Segment Start: Data listing
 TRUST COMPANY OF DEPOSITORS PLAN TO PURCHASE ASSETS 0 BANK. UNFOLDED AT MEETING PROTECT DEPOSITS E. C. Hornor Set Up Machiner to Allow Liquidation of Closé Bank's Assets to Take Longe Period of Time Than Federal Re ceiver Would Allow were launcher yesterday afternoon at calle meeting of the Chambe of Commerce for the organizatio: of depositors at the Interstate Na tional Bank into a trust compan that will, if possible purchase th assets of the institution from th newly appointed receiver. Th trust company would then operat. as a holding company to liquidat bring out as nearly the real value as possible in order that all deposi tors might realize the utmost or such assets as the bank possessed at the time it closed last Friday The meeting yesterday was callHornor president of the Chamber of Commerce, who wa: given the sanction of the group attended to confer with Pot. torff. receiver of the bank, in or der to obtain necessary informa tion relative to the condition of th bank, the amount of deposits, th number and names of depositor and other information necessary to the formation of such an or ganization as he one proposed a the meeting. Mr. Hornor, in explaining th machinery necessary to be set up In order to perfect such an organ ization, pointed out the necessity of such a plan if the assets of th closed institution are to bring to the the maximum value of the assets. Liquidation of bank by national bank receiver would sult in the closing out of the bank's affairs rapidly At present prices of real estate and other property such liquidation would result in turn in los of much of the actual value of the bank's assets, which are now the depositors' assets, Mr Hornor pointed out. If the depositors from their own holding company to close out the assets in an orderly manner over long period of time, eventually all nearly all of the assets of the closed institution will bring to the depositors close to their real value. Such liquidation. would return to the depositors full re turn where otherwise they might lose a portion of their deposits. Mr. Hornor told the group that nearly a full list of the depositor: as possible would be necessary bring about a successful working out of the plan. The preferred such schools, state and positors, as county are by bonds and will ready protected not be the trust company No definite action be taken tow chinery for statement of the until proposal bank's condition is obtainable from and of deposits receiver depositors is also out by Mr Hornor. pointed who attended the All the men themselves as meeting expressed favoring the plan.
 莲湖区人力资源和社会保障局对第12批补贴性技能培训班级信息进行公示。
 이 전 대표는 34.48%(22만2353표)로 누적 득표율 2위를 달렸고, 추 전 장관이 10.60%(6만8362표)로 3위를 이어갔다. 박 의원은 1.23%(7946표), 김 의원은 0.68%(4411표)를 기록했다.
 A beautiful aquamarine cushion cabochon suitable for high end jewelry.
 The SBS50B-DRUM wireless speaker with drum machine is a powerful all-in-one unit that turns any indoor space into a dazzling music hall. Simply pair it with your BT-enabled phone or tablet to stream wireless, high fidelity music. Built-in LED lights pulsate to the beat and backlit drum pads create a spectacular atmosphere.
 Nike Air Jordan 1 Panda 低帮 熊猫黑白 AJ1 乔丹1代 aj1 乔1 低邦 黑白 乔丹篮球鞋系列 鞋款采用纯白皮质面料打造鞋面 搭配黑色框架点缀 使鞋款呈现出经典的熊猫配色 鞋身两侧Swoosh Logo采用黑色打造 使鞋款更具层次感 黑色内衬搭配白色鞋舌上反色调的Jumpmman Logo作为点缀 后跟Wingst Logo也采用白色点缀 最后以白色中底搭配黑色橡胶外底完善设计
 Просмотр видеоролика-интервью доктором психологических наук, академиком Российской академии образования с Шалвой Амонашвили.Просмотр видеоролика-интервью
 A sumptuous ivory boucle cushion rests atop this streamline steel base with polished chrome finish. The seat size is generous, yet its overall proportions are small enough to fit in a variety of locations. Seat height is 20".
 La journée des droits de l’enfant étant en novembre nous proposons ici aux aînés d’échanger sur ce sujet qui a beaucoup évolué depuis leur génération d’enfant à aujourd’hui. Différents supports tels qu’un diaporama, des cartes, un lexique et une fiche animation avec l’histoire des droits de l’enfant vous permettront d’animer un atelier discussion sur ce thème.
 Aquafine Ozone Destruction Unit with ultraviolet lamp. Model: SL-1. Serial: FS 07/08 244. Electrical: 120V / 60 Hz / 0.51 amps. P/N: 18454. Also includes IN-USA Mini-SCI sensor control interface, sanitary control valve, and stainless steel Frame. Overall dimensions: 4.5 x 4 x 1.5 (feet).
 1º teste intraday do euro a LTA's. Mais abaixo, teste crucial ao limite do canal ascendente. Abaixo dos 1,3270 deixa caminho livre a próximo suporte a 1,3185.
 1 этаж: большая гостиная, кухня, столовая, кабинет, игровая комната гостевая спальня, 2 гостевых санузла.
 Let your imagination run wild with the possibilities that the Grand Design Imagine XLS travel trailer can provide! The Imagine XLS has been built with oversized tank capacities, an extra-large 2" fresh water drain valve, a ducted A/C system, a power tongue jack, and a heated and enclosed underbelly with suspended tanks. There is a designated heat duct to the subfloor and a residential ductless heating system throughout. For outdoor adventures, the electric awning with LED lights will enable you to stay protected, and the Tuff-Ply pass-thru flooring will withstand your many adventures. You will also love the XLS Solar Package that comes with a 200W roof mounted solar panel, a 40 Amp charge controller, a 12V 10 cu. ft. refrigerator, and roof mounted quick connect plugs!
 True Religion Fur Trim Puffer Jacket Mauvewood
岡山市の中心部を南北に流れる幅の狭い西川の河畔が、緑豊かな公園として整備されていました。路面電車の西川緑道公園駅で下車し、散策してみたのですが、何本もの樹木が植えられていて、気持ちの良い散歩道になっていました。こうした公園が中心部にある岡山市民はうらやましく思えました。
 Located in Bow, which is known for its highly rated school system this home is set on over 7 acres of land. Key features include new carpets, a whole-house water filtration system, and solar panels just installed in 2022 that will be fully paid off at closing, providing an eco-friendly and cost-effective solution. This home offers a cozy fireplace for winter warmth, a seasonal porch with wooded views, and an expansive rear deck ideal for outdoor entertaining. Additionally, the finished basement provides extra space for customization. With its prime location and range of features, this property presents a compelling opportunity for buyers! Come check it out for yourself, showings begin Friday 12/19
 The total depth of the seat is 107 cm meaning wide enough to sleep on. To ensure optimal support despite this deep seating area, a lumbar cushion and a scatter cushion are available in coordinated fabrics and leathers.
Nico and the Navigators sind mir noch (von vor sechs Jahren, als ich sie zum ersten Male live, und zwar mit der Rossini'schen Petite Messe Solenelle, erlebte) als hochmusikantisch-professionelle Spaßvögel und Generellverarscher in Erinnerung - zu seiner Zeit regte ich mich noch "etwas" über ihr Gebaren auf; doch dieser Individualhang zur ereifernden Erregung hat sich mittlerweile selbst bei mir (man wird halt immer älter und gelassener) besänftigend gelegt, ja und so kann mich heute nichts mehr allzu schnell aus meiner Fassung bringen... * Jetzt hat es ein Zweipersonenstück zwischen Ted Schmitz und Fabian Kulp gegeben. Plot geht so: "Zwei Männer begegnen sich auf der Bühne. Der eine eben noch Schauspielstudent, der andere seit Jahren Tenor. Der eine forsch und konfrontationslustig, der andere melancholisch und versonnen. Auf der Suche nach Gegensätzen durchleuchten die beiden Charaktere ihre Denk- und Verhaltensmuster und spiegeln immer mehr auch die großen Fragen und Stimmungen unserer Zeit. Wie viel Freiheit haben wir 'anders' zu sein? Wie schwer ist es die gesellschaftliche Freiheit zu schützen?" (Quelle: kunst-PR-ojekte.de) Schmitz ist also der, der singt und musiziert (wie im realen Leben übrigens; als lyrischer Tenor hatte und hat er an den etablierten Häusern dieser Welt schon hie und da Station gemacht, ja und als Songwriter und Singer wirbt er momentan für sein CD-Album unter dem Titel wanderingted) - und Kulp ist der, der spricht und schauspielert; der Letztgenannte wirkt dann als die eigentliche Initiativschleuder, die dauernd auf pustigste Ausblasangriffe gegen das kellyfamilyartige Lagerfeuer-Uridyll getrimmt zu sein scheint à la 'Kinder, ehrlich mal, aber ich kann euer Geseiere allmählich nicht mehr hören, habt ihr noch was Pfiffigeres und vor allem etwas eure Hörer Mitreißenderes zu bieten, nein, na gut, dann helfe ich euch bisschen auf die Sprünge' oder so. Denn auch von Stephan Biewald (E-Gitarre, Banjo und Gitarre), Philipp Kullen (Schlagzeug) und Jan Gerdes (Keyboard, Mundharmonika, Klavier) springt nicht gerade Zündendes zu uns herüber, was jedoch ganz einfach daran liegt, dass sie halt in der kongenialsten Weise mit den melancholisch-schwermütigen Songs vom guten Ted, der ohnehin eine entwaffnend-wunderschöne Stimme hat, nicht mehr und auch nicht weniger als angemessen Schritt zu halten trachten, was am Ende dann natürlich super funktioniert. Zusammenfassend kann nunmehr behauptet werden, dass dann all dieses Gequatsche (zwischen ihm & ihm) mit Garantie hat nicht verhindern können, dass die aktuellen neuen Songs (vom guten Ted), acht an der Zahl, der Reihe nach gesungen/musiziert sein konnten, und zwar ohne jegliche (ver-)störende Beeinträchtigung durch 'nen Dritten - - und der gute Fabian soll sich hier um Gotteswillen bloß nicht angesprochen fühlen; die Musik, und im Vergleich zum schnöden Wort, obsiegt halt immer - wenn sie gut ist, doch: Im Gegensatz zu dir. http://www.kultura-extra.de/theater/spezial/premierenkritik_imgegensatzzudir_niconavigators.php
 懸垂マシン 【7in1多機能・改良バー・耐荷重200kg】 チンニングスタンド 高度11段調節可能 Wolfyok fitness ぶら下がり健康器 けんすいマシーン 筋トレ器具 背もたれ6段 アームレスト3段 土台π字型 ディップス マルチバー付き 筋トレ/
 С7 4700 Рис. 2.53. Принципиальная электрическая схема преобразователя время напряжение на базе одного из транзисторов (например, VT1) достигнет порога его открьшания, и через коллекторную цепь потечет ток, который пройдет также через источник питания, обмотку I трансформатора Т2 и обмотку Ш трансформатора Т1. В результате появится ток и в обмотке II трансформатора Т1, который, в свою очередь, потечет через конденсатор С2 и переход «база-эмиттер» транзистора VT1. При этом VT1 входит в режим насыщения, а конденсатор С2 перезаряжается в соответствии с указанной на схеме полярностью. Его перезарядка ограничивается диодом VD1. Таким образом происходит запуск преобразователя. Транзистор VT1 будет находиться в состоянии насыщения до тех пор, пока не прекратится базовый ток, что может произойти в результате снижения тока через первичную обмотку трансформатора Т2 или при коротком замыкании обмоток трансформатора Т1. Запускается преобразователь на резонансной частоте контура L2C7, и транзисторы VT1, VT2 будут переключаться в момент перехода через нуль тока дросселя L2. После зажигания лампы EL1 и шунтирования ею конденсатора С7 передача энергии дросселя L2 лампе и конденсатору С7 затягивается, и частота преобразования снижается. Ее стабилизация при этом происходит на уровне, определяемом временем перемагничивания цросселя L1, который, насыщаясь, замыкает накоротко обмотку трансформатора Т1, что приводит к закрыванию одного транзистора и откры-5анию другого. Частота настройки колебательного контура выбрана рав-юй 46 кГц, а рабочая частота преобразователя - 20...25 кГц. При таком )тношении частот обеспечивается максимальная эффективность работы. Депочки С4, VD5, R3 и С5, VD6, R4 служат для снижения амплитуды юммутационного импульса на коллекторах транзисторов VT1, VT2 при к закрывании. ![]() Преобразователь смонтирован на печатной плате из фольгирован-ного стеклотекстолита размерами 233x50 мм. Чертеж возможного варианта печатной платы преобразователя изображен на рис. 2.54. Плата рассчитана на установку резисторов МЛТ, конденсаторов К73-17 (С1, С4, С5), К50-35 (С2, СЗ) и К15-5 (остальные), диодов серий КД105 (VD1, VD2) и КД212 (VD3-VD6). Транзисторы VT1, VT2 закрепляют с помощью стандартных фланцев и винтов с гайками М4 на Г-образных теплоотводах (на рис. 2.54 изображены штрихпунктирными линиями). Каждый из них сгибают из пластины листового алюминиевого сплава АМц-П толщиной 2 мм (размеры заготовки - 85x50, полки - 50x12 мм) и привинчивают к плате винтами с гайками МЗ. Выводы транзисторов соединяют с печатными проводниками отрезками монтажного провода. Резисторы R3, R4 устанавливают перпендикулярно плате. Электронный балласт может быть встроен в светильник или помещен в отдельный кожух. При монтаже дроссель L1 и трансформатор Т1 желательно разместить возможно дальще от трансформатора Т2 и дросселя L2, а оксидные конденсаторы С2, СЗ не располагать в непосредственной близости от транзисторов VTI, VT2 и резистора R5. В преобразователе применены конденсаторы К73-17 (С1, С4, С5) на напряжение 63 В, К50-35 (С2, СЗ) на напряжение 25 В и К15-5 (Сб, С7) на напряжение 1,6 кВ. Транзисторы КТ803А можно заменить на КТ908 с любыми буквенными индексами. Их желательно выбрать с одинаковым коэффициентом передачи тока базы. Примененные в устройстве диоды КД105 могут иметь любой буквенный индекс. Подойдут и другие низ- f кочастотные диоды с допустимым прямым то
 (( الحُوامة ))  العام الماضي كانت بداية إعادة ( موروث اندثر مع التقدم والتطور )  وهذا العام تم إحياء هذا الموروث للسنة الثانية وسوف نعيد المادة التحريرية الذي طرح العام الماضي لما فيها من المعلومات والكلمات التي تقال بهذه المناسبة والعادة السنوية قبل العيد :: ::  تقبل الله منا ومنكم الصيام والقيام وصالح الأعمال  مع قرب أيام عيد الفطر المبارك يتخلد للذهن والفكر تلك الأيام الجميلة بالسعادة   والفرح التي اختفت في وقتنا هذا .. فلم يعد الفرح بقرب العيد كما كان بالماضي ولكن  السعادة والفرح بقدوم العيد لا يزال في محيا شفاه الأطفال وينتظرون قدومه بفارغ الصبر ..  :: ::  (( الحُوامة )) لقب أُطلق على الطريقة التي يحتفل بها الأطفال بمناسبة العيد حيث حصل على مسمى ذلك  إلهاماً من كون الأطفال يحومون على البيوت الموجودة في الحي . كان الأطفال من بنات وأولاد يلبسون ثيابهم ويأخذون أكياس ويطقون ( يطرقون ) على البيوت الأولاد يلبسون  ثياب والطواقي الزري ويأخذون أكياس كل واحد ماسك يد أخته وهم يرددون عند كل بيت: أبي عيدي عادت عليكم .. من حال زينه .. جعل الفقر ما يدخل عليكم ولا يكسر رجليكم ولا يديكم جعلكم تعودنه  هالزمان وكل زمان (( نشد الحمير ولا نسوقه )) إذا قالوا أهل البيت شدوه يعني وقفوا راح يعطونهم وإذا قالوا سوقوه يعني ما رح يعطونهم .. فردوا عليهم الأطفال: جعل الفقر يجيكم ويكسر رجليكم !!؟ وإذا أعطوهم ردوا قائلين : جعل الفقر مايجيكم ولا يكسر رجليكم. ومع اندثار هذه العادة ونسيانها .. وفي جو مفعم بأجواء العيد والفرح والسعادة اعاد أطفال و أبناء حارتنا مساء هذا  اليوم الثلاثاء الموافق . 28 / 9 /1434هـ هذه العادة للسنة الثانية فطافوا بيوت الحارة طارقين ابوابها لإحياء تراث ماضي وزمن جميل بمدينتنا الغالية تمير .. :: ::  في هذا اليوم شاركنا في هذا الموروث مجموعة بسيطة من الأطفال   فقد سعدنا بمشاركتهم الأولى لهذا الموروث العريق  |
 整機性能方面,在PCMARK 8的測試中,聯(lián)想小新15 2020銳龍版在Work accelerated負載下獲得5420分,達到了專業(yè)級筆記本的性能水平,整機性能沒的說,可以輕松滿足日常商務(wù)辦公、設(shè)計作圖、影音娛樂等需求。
Segment End: Data listing
■ Aim of the task: Could you set down, exactly as written, the lines above between the one holding "Aquafine Ozone Destruction" and the one holding "岡山市の中心部を南北に流れる", inclusive, and nothing more?

■ Result for this task:
 Aquafine Ozone Destruction Unit with ultraviolet lamp. Model: SL-1. Serial: FS 07/08 244. Electrical: 120V / 60 Hz / 0.51 amps. P/N: 18454. Also includes IN-USA Mini-SCI sensor control interface, sanitary control valve, and stainless steel Frame. Overall dimensions: 4.5 x 4 x 1.5 (feet).
 1º teste intraday do euro a LTA's. Mais abaixo, teste crucial ao limite do canal ascendente. Abaixo dos 1,3270 deixa caminho livre a próximo suporte a 1,3185.
 1 этаж: большая гостиная, кухня, столовая, кабинет, игровая комната гостевая спальня, 2 гостевых санузла.
 Let your imagination run wild with the possibilities that the Grand Design Imagine XLS travel trailer can provide! The Imagine XLS has been built with oversized tank capacities, an extra-large 2" fresh water drain valve, a ducted A/C system, a power tongue jack, and a heated and enclosed underbelly with suspended tanks. There is a designated heat duct to the subfloor and a residential ductless heating system throughout. For outdoor adventures, the electric awning with LED lights will enable you to stay protected, and the Tuff-Ply pass-thru flooring will withstand your many adventures. You will also love the XLS Solar Package that comes with a 200W roof mounted solar panel, a 40 Amp charge controller, a 12V 10 cu. ft. refrigerator, and roof mounted quick connect plugs!
 True Religion Fur Trim Puffer Jacket Mauvewood
岡山市の中心部を南北に流れる幅の狭い西川の河畔が、緑豊かな公園として整備されていました。路面電車の西川緑道公園駅で下車し、散策してみたのですが、何本もの樹木が植えられていて、気持ちの良い散歩道になっていました。こうした公園が中心部にある岡山市民はうらやましく思えました。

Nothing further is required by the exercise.